I'm here to talk about some of the things we've learned about scaling up Vault. Before we do that, I'm going to talk a bit about BlackRock so you can understand what our scale means to us.
BlackRock is an asset manager. Our core business is managing money on behalf of clients across the globe. We're talking about retirement funds for firefighters, nurses, teachers, and technology professionals. We probably are managing investment plans for a lot of different people. We also advise global institutions, so we're talking central banks, sovereign wealth funds. And we're across the world in a hundred countries, so very broad reach.
» Introducing Aladdin
We also happened to build this product called Aladdin. It's an investment and risk platform. Risk management, really. It's a comprehensive, proprietary operating system for investment management.

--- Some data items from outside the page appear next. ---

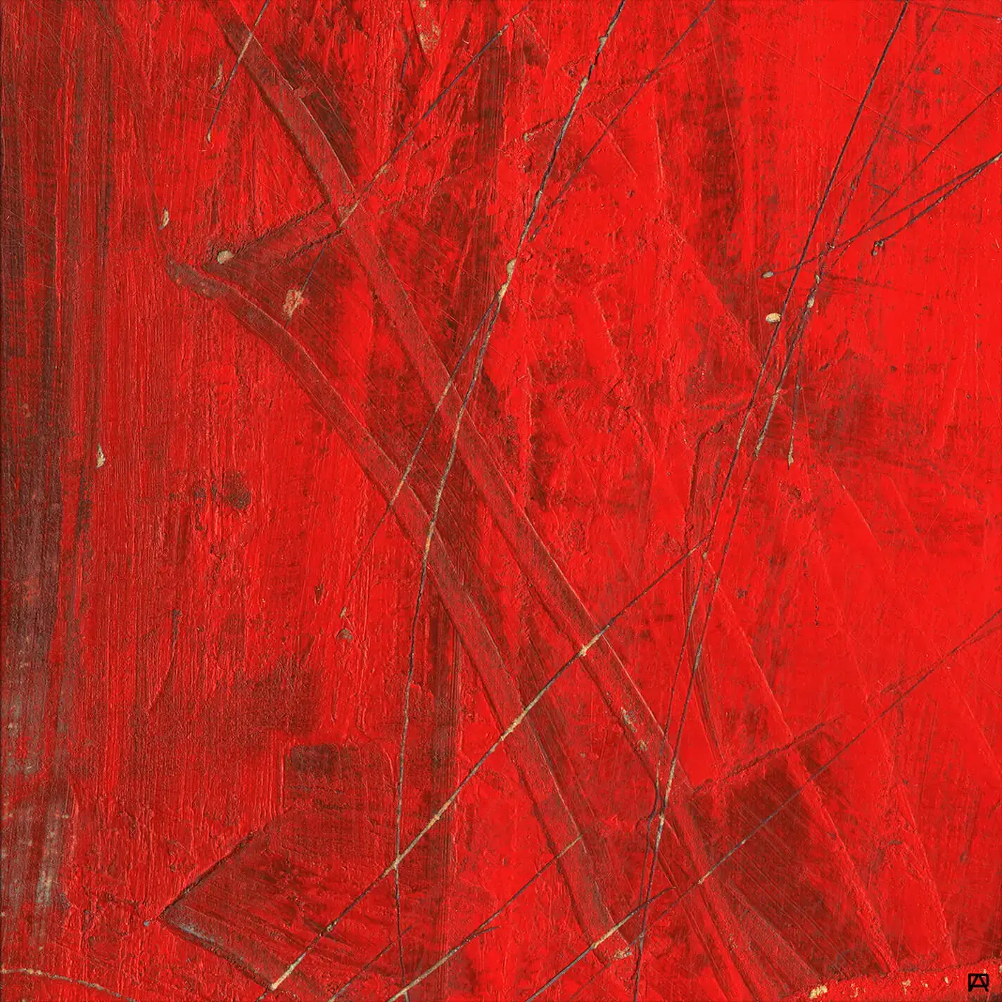 A vibrant red is intersected by bold marks throughout its composition. These lines are scraped into the surface, creating a rhythm.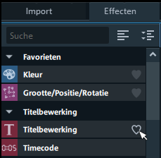 Hier vindt u de effecten van beeldverbetering, speciale effecten en chroma-key-mixeffecten |
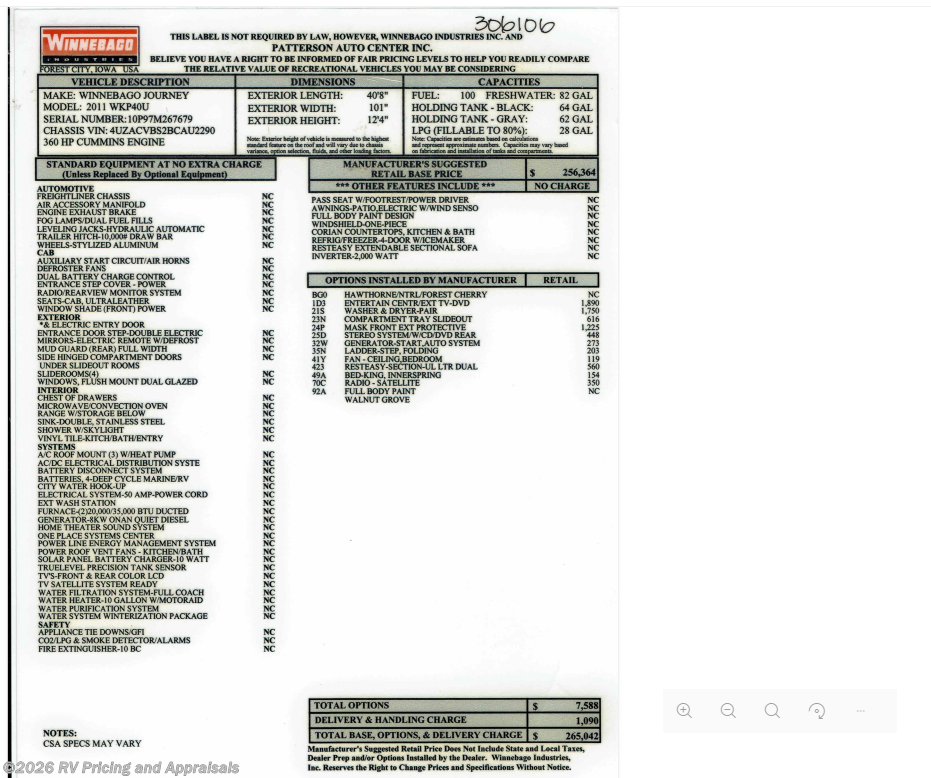 2011 Winnebago Journey 40 U- LOCATED IN HOBE SOUND, FLORIDA, 33455 Literature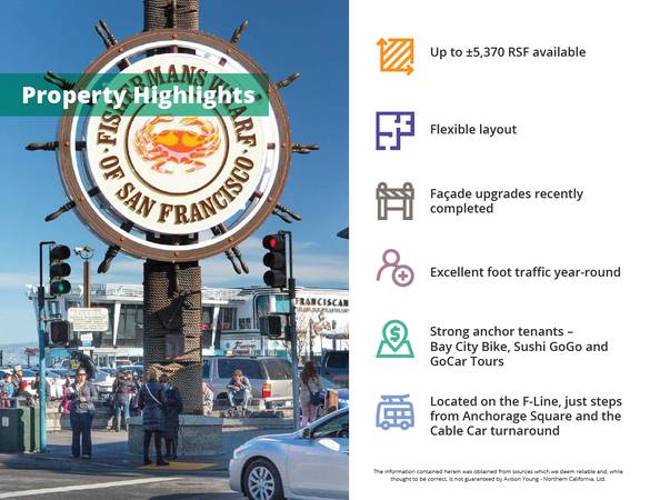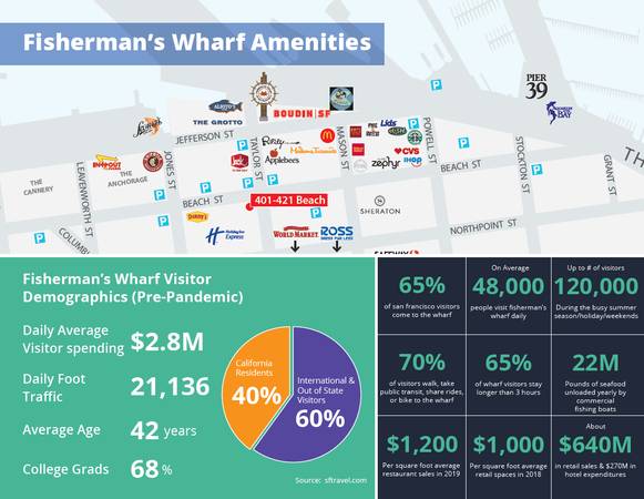 NEW RENT PROMOTION! $25/SF/YR Modified Gross (for qualified tenants for 1-2 year leases)! Seeking best-in-class operators! Retail for Lease - Fisherman’s Wharf MOTIVATED LANDLORD! 401-421 Beach...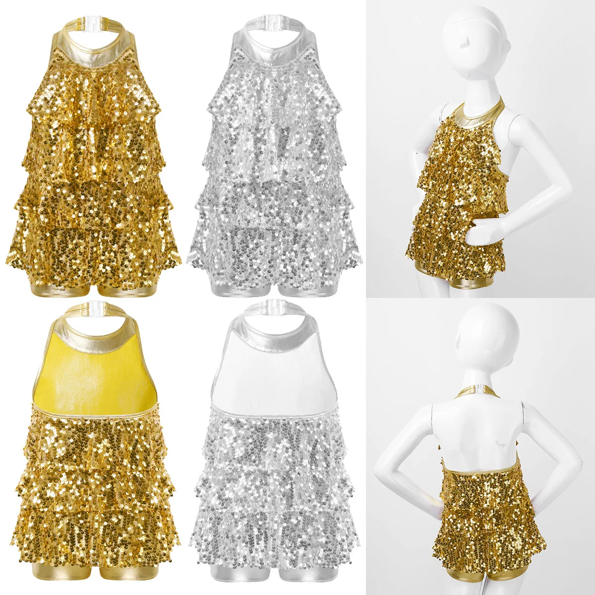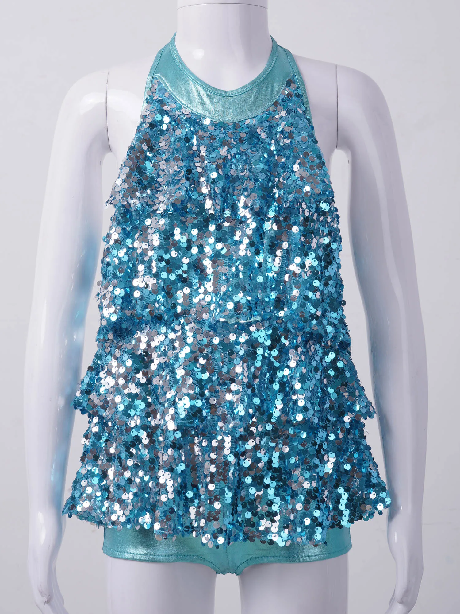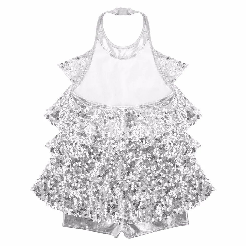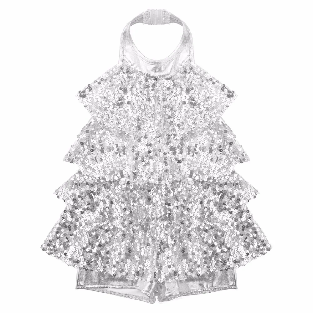 Балетное гимнастическое платье для девочек от 6 до 14 лет блестящее платье без рукавов с блестками для катания на роликах и джазовых танцев, трико, костюм для сцены

BlackRock happens to be the largest user of Aladdin, but we also sell this software as a service to our clients. This provides very sophisticated analytics on all securities and portfolios across several asset classes. And it's a technology product used by hundreds of client firms to solve their asset management needs. Very key differentiator for BlackRock.
» Our tech ecosystem
We are using Vault Enterprise and a single logical instance for production. We're also using Terraform Community to manage our Vault configuration. Vault allows us to support a mix of both host-based and cloud-native applications across multiple languages. Host-based may or may not be on-prem. It could be a cloud-provided VM.
We leverage the Vault Agent and the CSI driver on the cloud-native and use in-house libraries for our host-based applications and workloads. The Vault namespaces in Vault Enterprise enable isolation for our client environments. Our Vault namespaces are integrated with similarly client-specific Kubernetes clusters. This allows our clients to have isolated data from each other. They pay us very good money so we don't share their data with other clients, especially when it's billions of dollars at stake.

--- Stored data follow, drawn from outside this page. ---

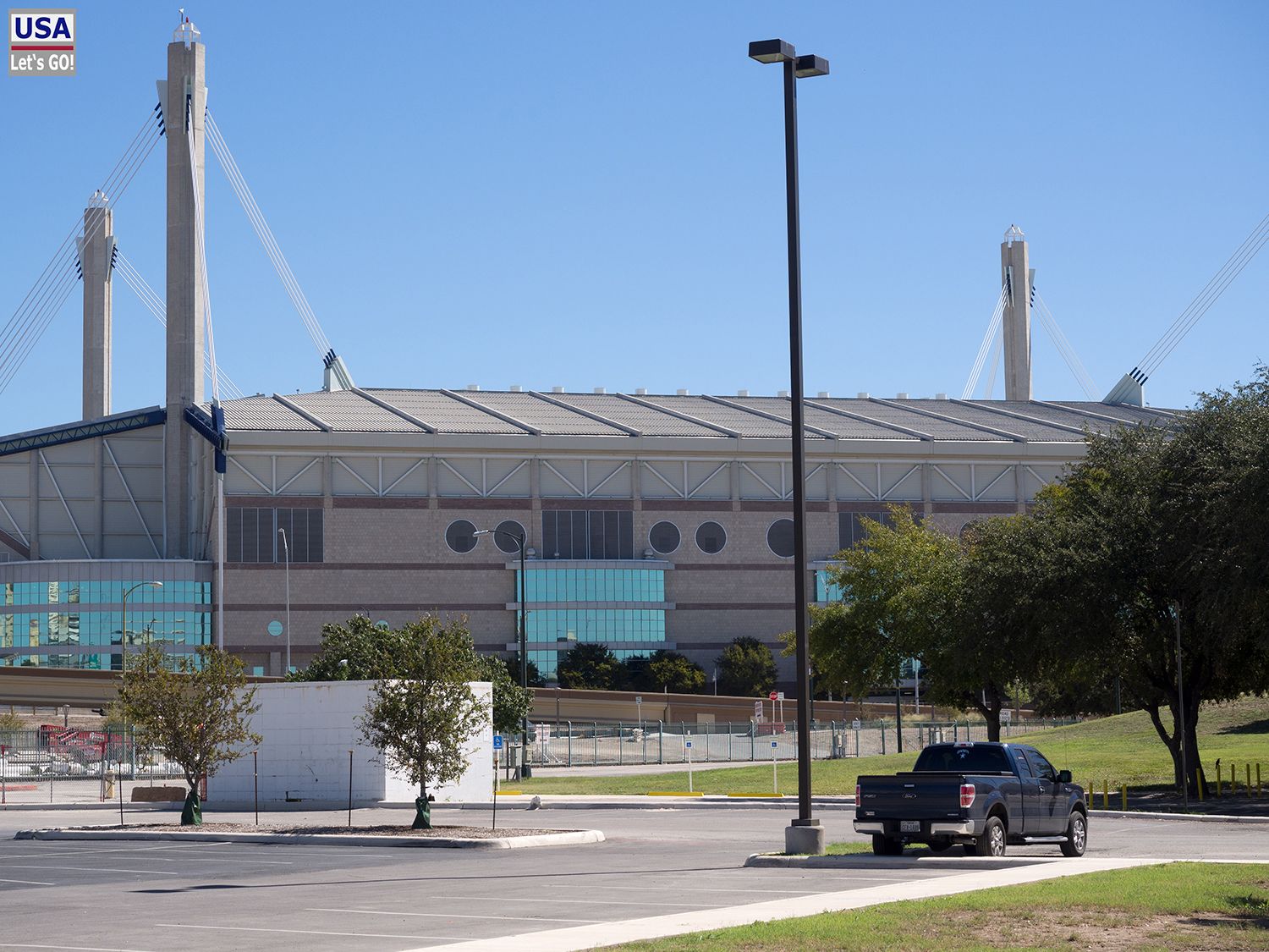 Vom Parkplatz mache ich noch ein Foto vom Alamodome, wo die Spurs auf Körbejagd gehen.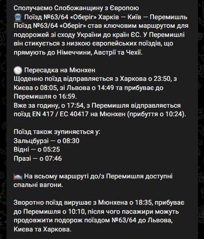 Ключовим маршрутом для поїздок зі сходу України до країн ЄС став поїзд №63/64 "Оберіг" Харків – Київ – Перемишль. У Перемишлі пасажири можуть пересісти на європейські поїзди до Німеччини, Австрії та Чехії.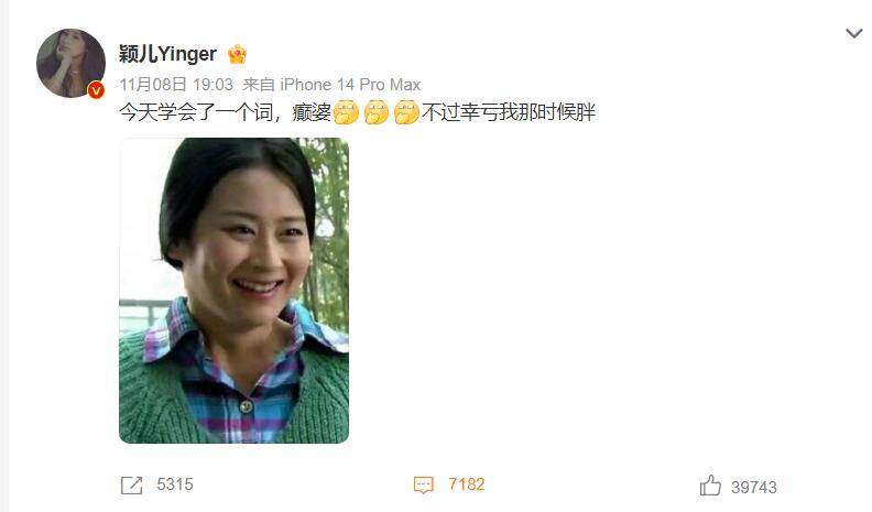 原标题:颖儿发文回应《千山暮雪》中被“肘击” 幸亏我那时候胖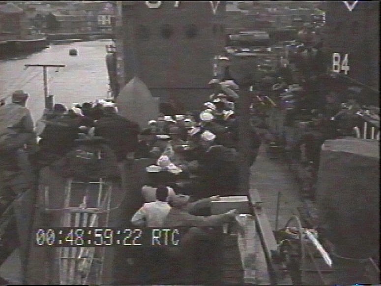 256k | USS LCI(L)-87, USS LCI(L)-84 and USS LCI(L)-497 tied up in the background along with Royal Navy landing craft, (LCA)s preparing to sail the English Channel and invade Nazi-occupied France. These landing craft landed US troops on Omaha Beach. USCG photo, date unknown. A US National Archives photo from the USS National LCI Association newsletter "The Elsie Item" April 2009 issue, Courtesy Dennis Blocker. |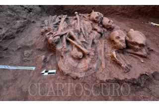 SANTIAGO IXCUINTLA, NAYARIT, 26FEBRERO2024.- Personal del Instituto Nacional de Antropología e Historia (INAH), dependencia de la Secretaría de Cultura del Gobierno de México, a través de su representación estatal, registró un enterramiento de la época prehispánica, el cual arroja luz sobre prácticas funerarias únicas y cómo se llevaban a cabo en la región. Dicho hallazgo se suscitó en la localidad de Pozo de Ibarra, donde se realiza una obra de construcción de red de alcantarillado sanitario. El salvamento arqueológico fue ejecutado por personal del Centro INAH Nayarit, para salvaguardar el patrimonio, en colaboración con el gobierno de Nayarit, a través de la Comisión Estatal de Agua Potable y Alcantarillado. De acuerdo con la arqueóloga encargada de las labores de salvamento en campo, Claudia Servín Rosas, se trata de un sistema funerario compuesto por un entierro primario, es decir, el esqueleto mantiene la relación anatómica, acompañado de una concentración de restos óseos humanos depositados sin relación anatómica, los cuales guardan un acomodo particular. FOTO: INAH/CUARTOSCURO.COM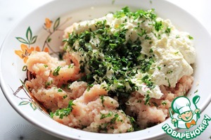 Зелень вымыть, обсушить, оборвать листочки, измельчить тяжелым ножом и добавить к фаршу. Можно добавить к фаршу специи.

We also have another problem, though. Now that we have isolation, we sometimes need to share a secret. Maybe there's a shared resource, like a database that has public market data. In our whole ecosystem, we have about 200 Vault namespaces in production and anticipate supporting about 800 Kubernetes clusters. We are still in the early stages, with fewer than 100 applications onboarded. So, we're a few years into a very long journey.
» Challenges
Let's talk about some challenges we have trying to build out a platform that's going to support all of this. This is a quick overview of some of the things we're going to cover: Scaling Terraform, the Vault limits, and maximums, learning about walls before you hit them in a production environment — some challenges we've had with certificate management, some interesting things about ephemeral credentials. Some people may be very familiar with them. Once we started learning about them, there were a lot of a-ha moments that people have to understand. Finally, we'll touch a little bit about shared secrets.

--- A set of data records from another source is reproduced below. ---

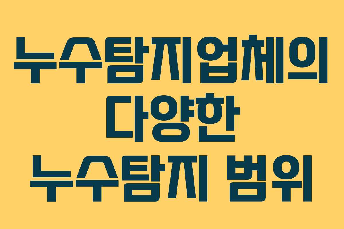 누수탐지업체는 다양한 현장에서 누수를 탐지하고 보수하는 역할을 수행합니다. 이 글에서는 누수탐지업체가 다룰 수 있는 여러 탐지 범위에 대해 살펴보겠습니다.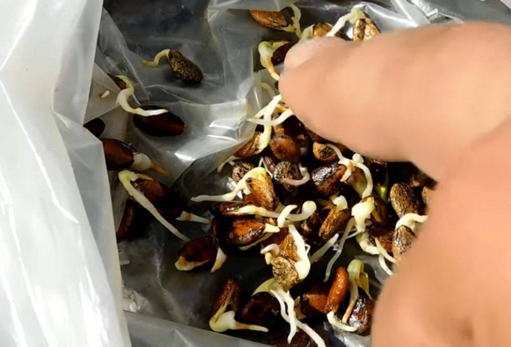 спустя отведенное время достаньте пророщенные семена. Если некоторые семечки так и не проросли, во время посадки пролейте их водой с температурой +50…+60 градусов.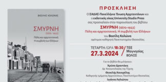 Παρουσιάζεται στον Βόλο το βιβλίο του Βασίλη Κολώνα «Σμύρνη [1870-1922] Πόλη...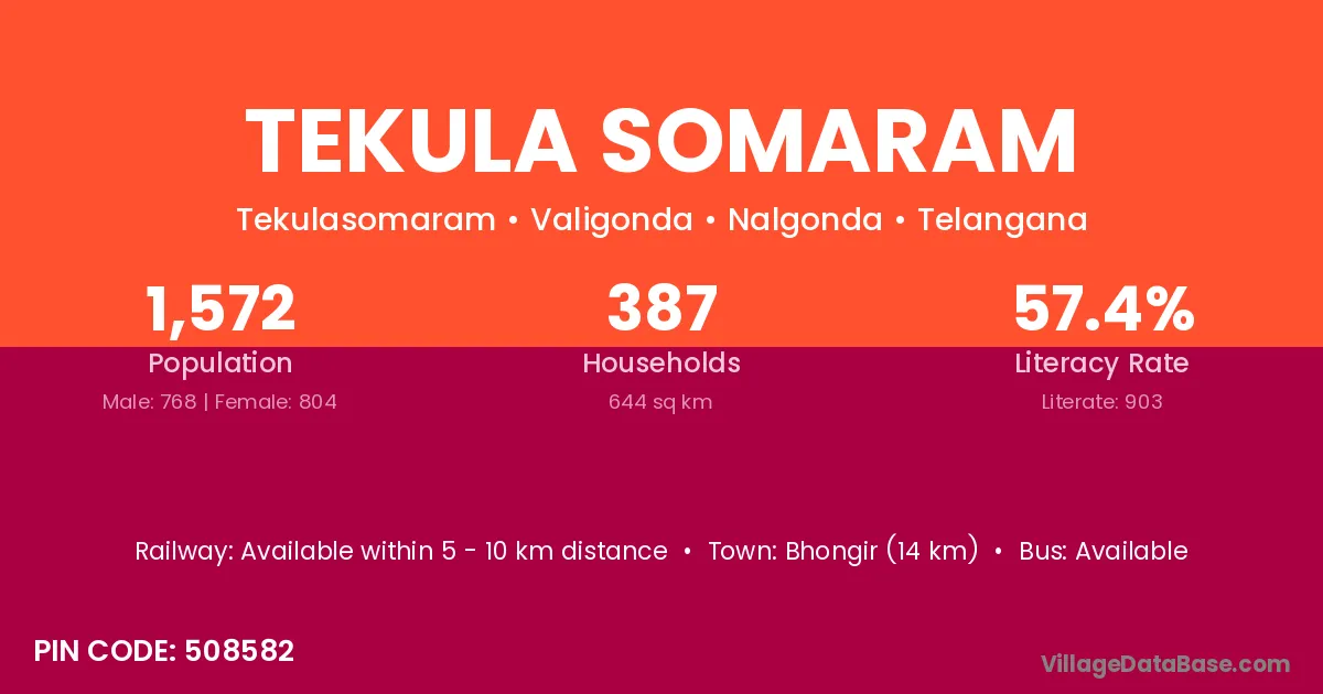 Bhongir (14 km) is the nearest town to Tekula Somaram village for major economic activities and is located approximately 14 km away.

» Challenges when scaling Terraform
We have hundreds of namespaces, and they have different content in each namespace. We may support varying combinations of applications. All of our namespaces have a set of common resources, which can lead to repetitive code. To make DRY code is very challenging in that area.
We also have namespaces that have additional integrations for ephemeral credentials like database connections and varying sets of applications. We have consistently structured roles and policies, so they only usually vary by application name. This also gives us a challenge to DRY code because Terraform doesn't usually allow variables in the one place where we want them, like the resource names for the application-specific policy. There are a lot of places where we require flexibility.
We also need a lot of agility. We must be able to set up or tear down a namespace very easily. We have a new client coming on board. We have three of them this weekend. Well, here we go. New namespaces. Oh, we're going to take this one down. We need to remove that. We need to quickly add and remove Kubernetes clusters. We need to add integrations. And it needs to be done very quickly. It needs to be done sometimes piecemeal. I want to do this one little bit. But we want to be able to do it and keep all the Terraform state files and everything in order.
Another thing is the last mile features. The Vault Terraform provider, as good as it's gotten lately, still doesn't cover 100% of the Vault API. If you've ever used Consul, it likes to have its own PKI engine and manage its own CAs. If you've plumbed that through with Terraform and you've hydrated that, then you've got conflicts because Consul changes it. Terraform wants it put back. They don't play nicely sometimes.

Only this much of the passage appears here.